Please restate the data below word for word, omitting all images.
***** Raw data *****
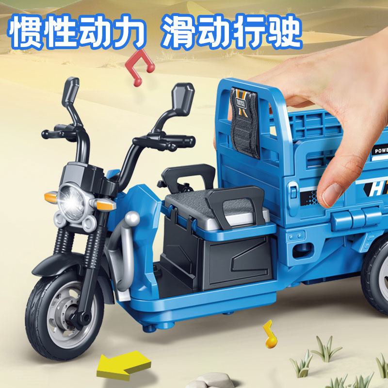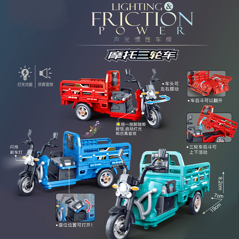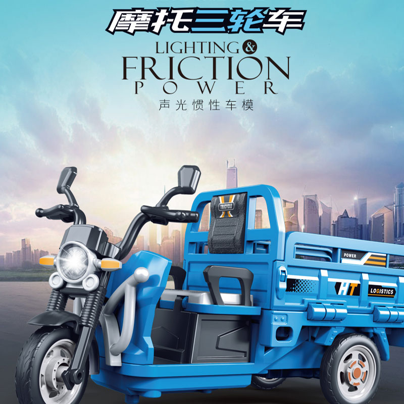 儿童声光仿真三轮车男孩玩具汽车惯性摩托车三蹦子拉货快递车模型
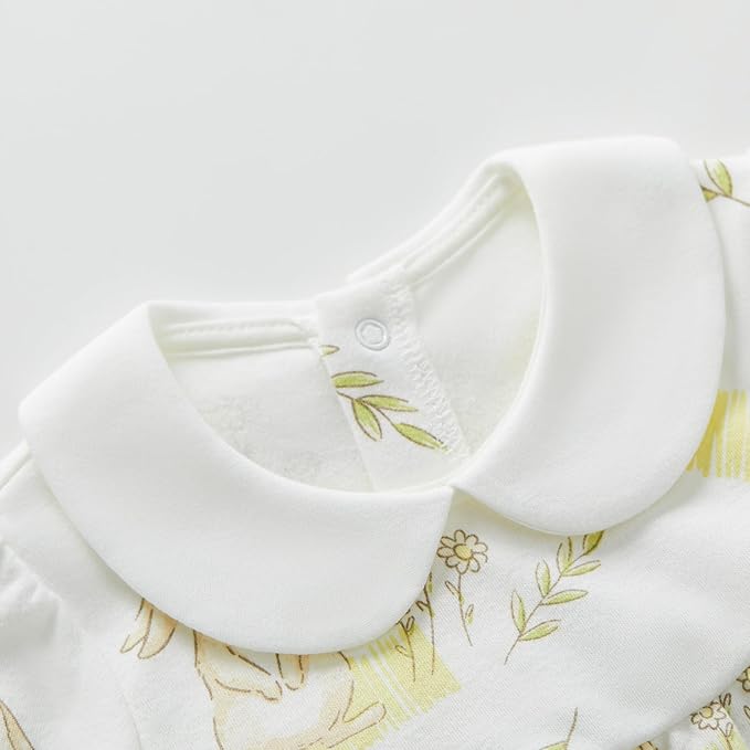 • FEATURES - Allover bunny pattern prints, peter pan collar, long sleeve, elasticized ruffled cuffs, with these adorable designs, your baby will get tons of compliments on it
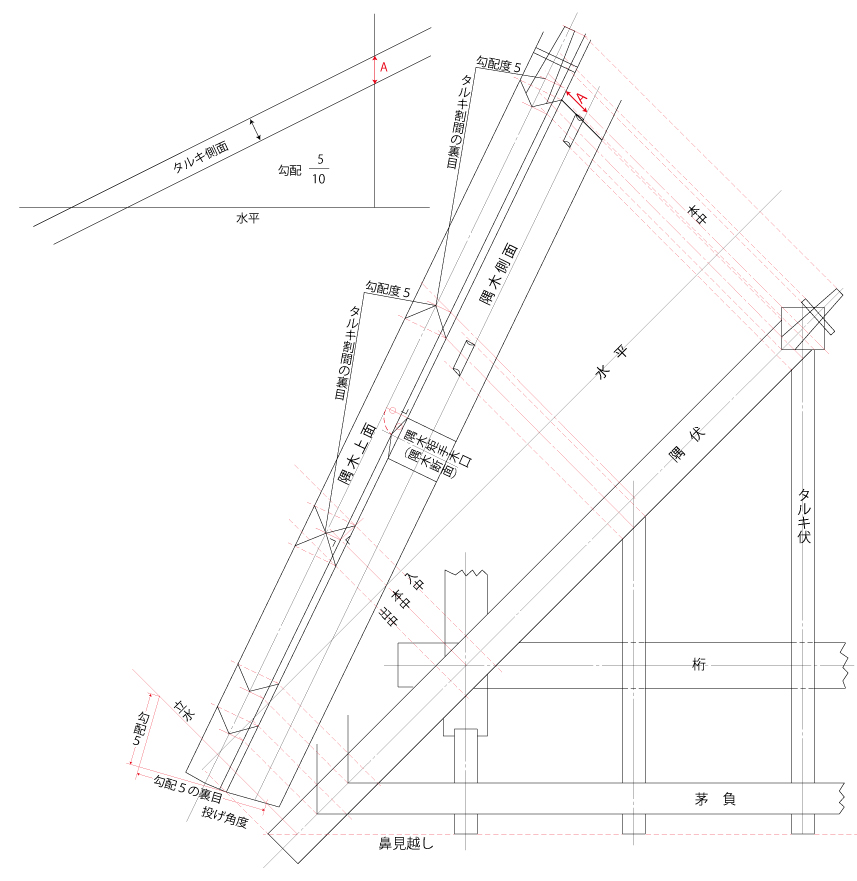 茅負、裏甲、そして鼻隠し、淀など垂木勾配なりに転ぶ上端留め及び向こう留めの展開図法と勾・殳・玄法による求め方さらに木の身返しを説明いたします。
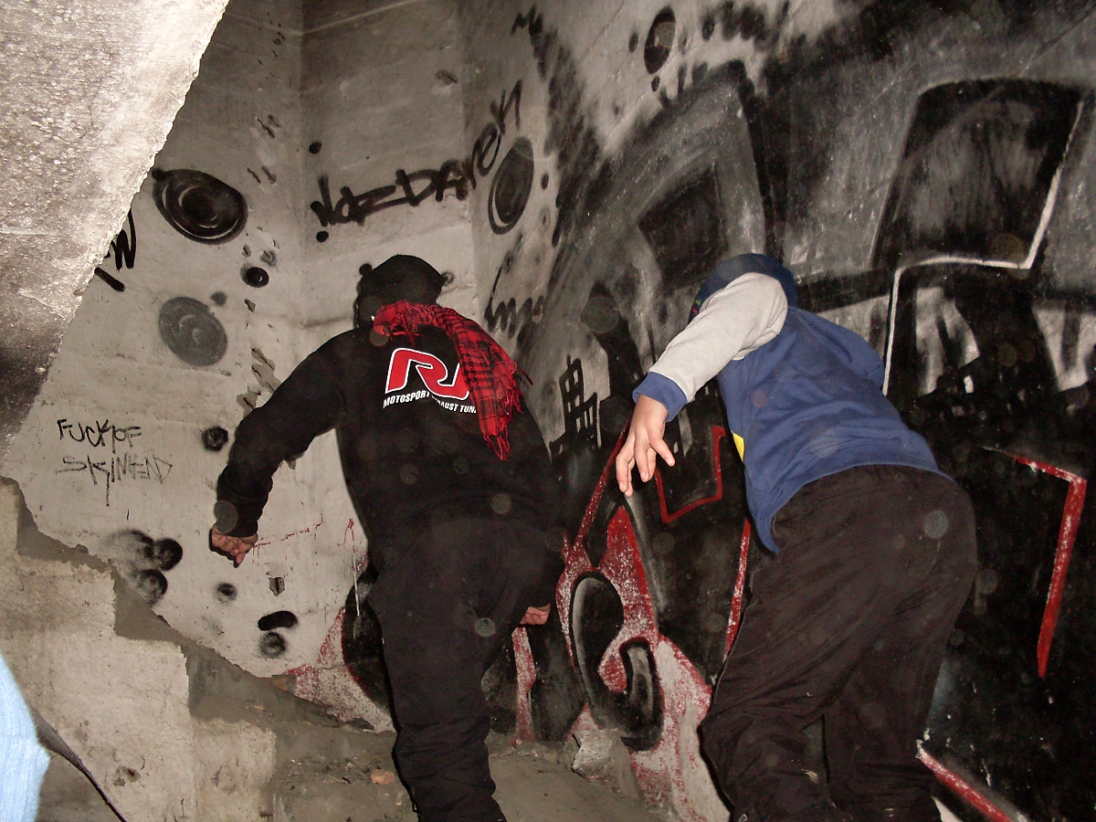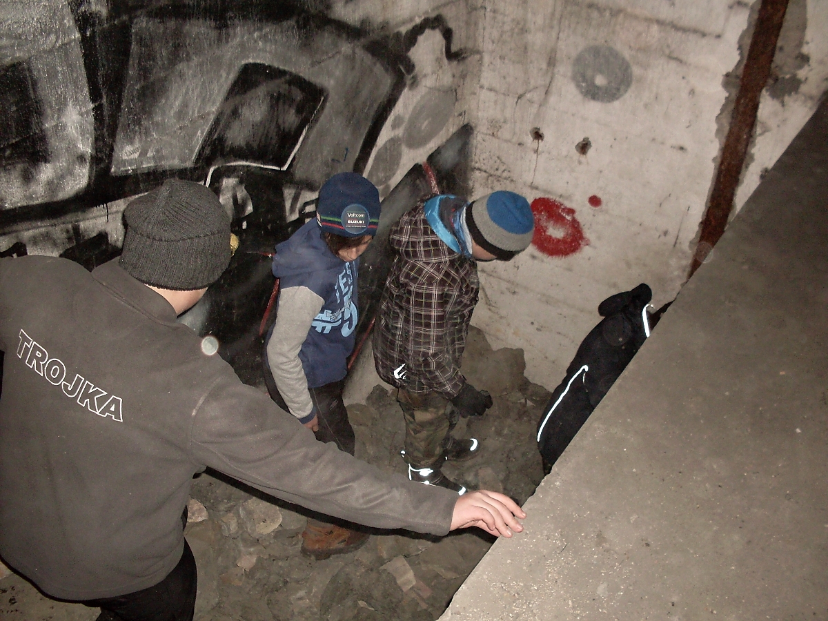 Směrujeme do remízku, co ukrývá nezahrnutý protitankový příkop a dál až přímo ke srubu, co stojí těsně vedle svodidel dálnice D1. Sobík mi přibíhá oznámit, že vchod je úplně zazděný. Obcházíme bunkr a na stromy rozvěšujeme loapy a svršky. Vnikáme dovnitř odstřelenou zvonovou věží. Mnohým se rozsvítilo. varuji je, ať nechodí dál, protože v další místnosti je nezadeklovaná studna, kam nám spadli Evans a za další dva roky Vendy. Naštěstí ve studni přibyly další vrstvy úlomků betonu a cihel.
*****
▸ **Solution to this problem**:
 儿童声光仿真三轮车男孩玩具汽车惯性摩托车三蹦子拉货快递车模型
 • FEATURES - Allover bunny pattern prints, peter pan collar, long sleeve, elasticized ruffled cuffs, with these adorable designs, your baby will get tons of compliments on it
 茅負、裏甲、そして鼻隠し、淀など垂木勾配なりに転ぶ上端留め及び向こう留めの展開図法と勾・殳・玄法による求め方さらに木の身返しを説明いたします。
 Směrujeme do remízku, co ukrývá nezahrnutý protitankový příkop a dál až přímo ke srubu, co stojí těsně vedle svodidel dálnice D1. Sobík mi přibíhá oznámit, že vchod je úplně zazděný. Obcházíme bunkr a na stromy rozvěšujeme loapy a svršky. Vnikáme dovnitř odstřelenou zvonovou věží. Mnohým se rozsvítilo. varuji je, ať nechodí dál, protože v další místnosti je nezadeklovaná studna, kam nám spadli Evans a za další dva roky Vendy. Naštěstí ve studni přibyly další vrstvy úlomků betonu a cihel.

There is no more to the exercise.